The only musician I could locate was an opera singer I’d never heard of, May Peterson Thompson, who in the twenties was known as the “Golden Girl of the Metropolitan Opera.” Thompson’s principal connection to Texas was that she married an Amarillo man who served on the Railroad Commission. That’s about it for the arts. Richards gave her longtime companion, Bud Shrake, a proclamation entitling him to a state plot, but he hasn’t decided if he wants to use it. When Larry L. King appeared near death in February in a hospital in Washington, D.C., Shrake did lobby to get King a spot, only to be told that King wanted no part of the riffraff in Austin, preferring instead to be cremated and have his ashes scattered in a vacant lot in Putnam, next to where his boyhood home once stood. (Subsequently, after a number of prominent Texans, including Laura Bush, pushed to set aside a plot for him, he changed his mind.) Harrigan concludes that maybe it is just as well that the doers outnumber the dreamers in the state cemetery: “Without all the violence, heroism, bigotry, backroom dealing and sometimes surprising reach of those splendidly unliberated minds, the chroniclers of Texas would have nothing to write about.”

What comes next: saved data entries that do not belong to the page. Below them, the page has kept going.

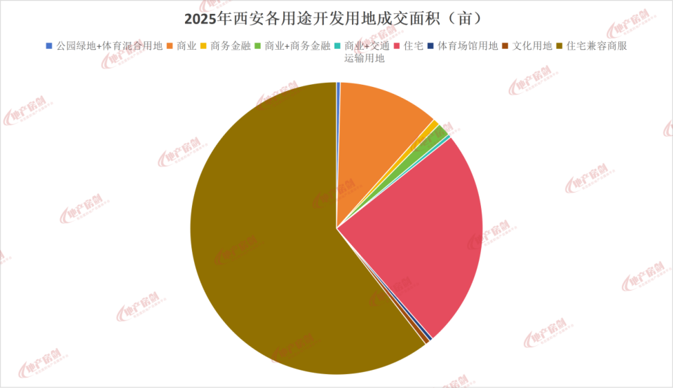 地产房剑统计显示,2025年西安全市(含西咸新区)共计成交123宗,成交面积5701.85亩,土地出让金收入合计557.8亿元。
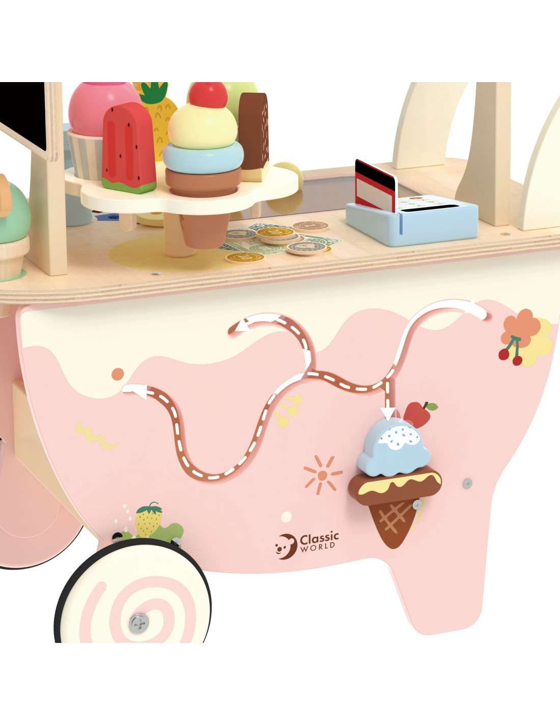 Transform your child's room into a sweet ice cream parlor! This wooden stand on wheels from Classic World is a unique 3-in-1 toy – it functions as both an educational toy and an ice cream parlor. With a wide range of accessories, your little one can serve different flavors of ice cream, developing creativity and social skills. Perfect for children who are learning to walk and love role-playing.
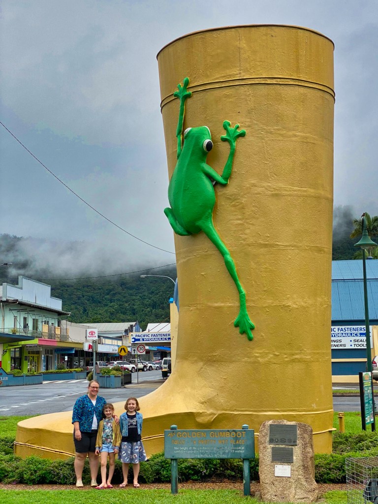 Although Tully is often referred to as the ‘Wettest Place in Queensland’, the coveted Golden Gumboot honour for recording North Queensland’s highest annual rainfall has actually gone to Babinda for the past few years. Nonetheless, Tully (average annual rainfall of 4,490mm, with a 2019 total of 3,278mm) proudly boasts a Golden Gumboot that stands 7.9 metres tall, representing the Australian record 7,900mm of rain recorded in 1950. There is a viewing platform at the top, but the doorway was locked when we stopped by, so photos were limited.
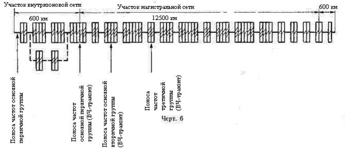 · Максимальная протяженность номинальной цепи первичного сетевого тракта страны составляет 13700км (черт. 6). Максимальное число транзитов первичного сетевого тракта этой цепи должно быть не более 19 (20 простых первичных трактов), из них:
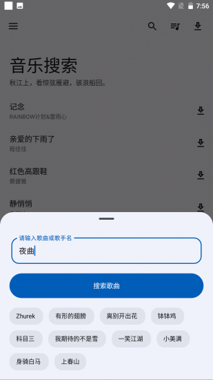 1、打开音乐搜索app免费版,点击上方搜索按钮,输入要下载的音乐名;

Making my way back to the parking lot, down the slope of Republic Hill and across a half-full part of the cemetery called Statesman Meadow, I stop to admire the headstone of the great Willie Wells. It sits directly behind the caretaker’s cottage, built in 1903. As was the case in life, his grave seems segregated from his fellow Texans’. Born in Austin in 1906, Wells was never allowed to play in the major leagues, but he posted a lifetime batting average of .363 in the Negro National League and in Mexico, Canada, and Japan. Willie got the nickname El Diablo from a nasty habit of padding his glove with pieces of brick and rock to discourage aggressive base runners. How good was he? Buck O’Neil, who saw the likes of Honus Wagner, Pop Lloyd, and Ozzie Smith, once said that if he had to pick a shortstop for his team, it would be Wells. He was finally inducted into the National Baseball Hall of Fame at Cooperstown in 1997, eight years after his death. In October 2004, the cemetery committee had his remains disinterred from Evergreen Cemetery, in Austin, and moved here. Surprisingly, he is the only pure athlete on the grounds.

Looking at El Diablo’s grave, I’m not sure if it shows how far we have come or how far we have left to go. Either way, it’s an honor to be in his presence.